This enchilada casserole is served as more of a main dish dip in my house. We forgo the spoons for this one and scoop each bite with corn chips. It ads a nice crunch to the otherwise soft meal. Enjoy this easy, healthy comfort food dish!
- 1 cup quinoa, (uncooked)
- 1 (10-ounce) can Old El Paso™ mild enchilada sauce
- 1 (4.5-ounce) can Old El Paso™ chopped green chiles, drained
- 1/2 cup corn kernels, frozen
- 1/2 cup canned black beans, drained and rinsed
- 1 avocado, halved, seeded, peeled and diced
- 2 tablespoons chopped cilantro leaves
- 1/2 teaspoon cumin
- 1/2 teaspoon chili powder
- Kosher salt and freshly ground black pepper, to taste
- 3/4 cup shredded cheddar cheese, divided
- 3/4 cup shredded mozzarella cheese, divided
- 8 cherry tomatoes, diced
- Dried parsley
Cook quinoa according to package instructions and set aside.
Preheat oven to 375 degrees F. Lightly oil an 8×8 or 2 quart baking dish or coat with nonstick spray.

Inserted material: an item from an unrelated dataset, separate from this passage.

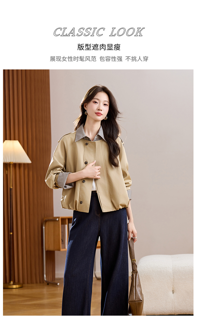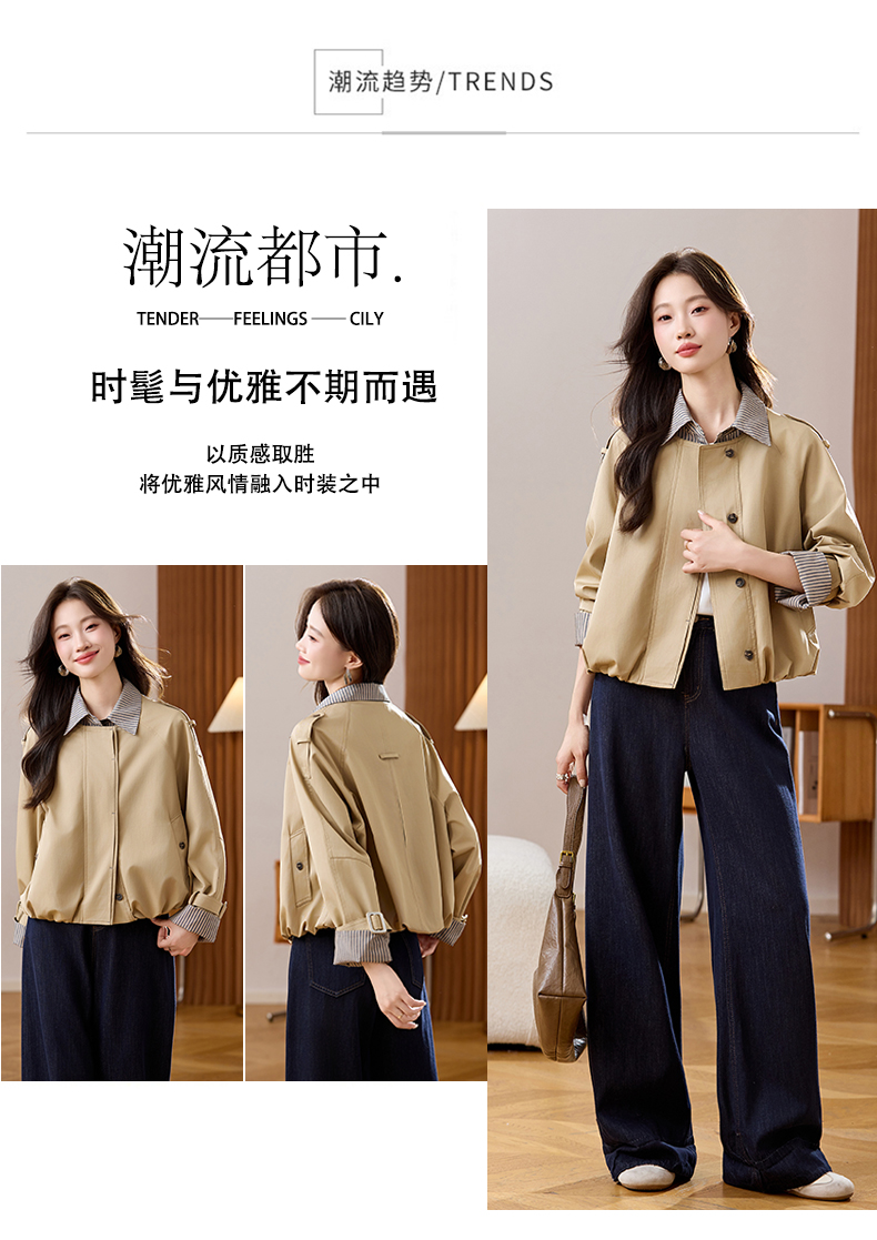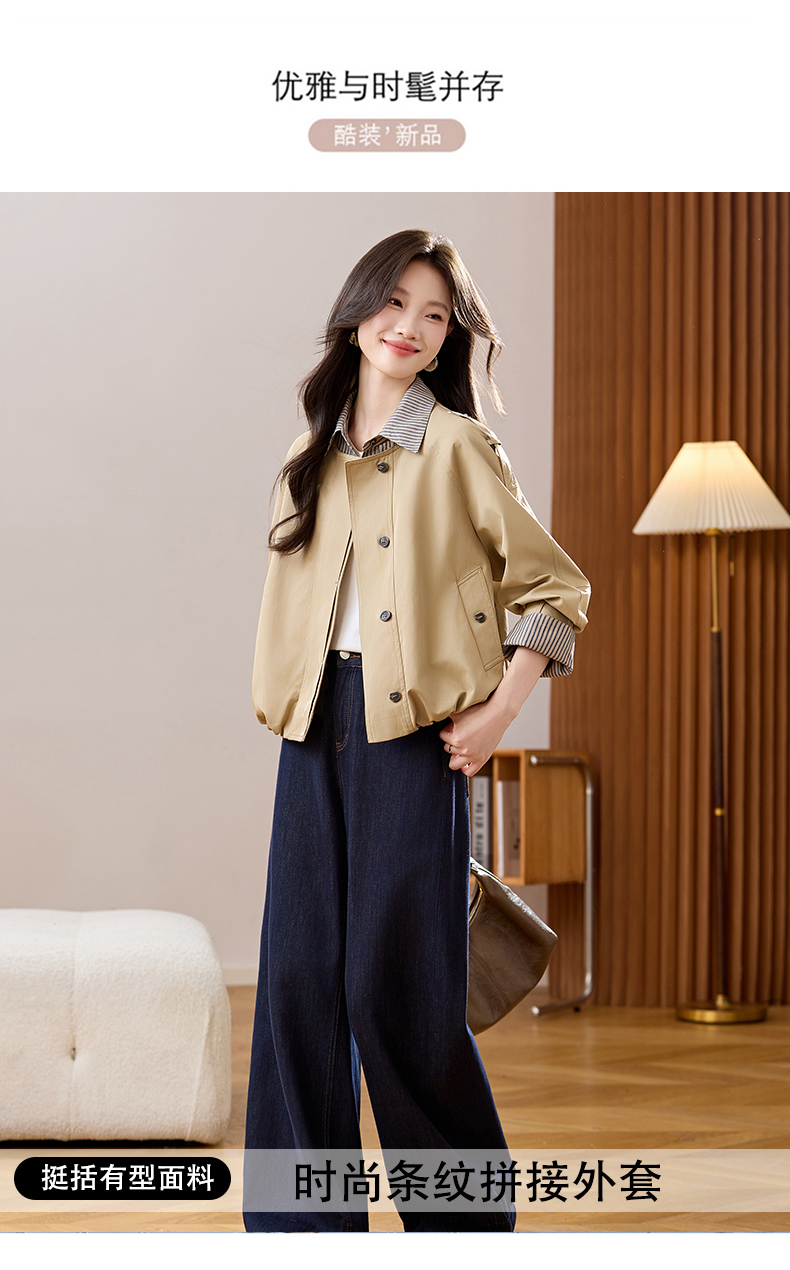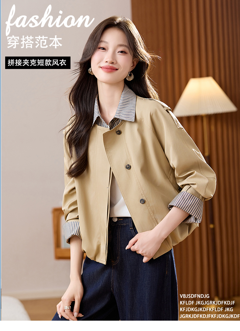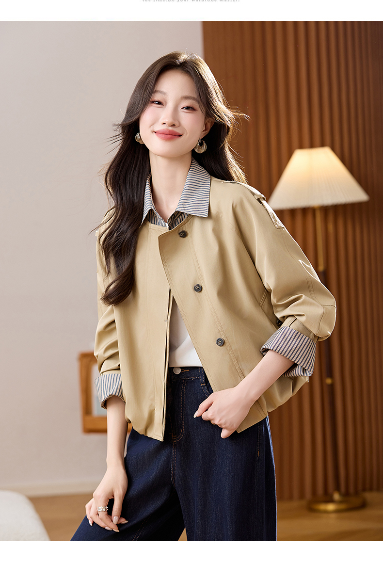 假两件拼接衬衫领短外套,通勤穿搭设计感上衣HR-1035

In a large bowl, combine quinoa, enchilada sauce, green chiles, corn, avocado, black beans, cilantro, cumin and chili powder; season with salt and pepper, to taste.
Stir in 3/4 cup cheddar cheese and 3/4 cup mozzarella cheese.
Spread quinoa mixture into the prepared baking dish. Top with remaining cheeses. Place into oven and bake until bubbly and cheese has melted, about 20 minutes.
Serve immediately, garnished with tomato and parsley, if desired.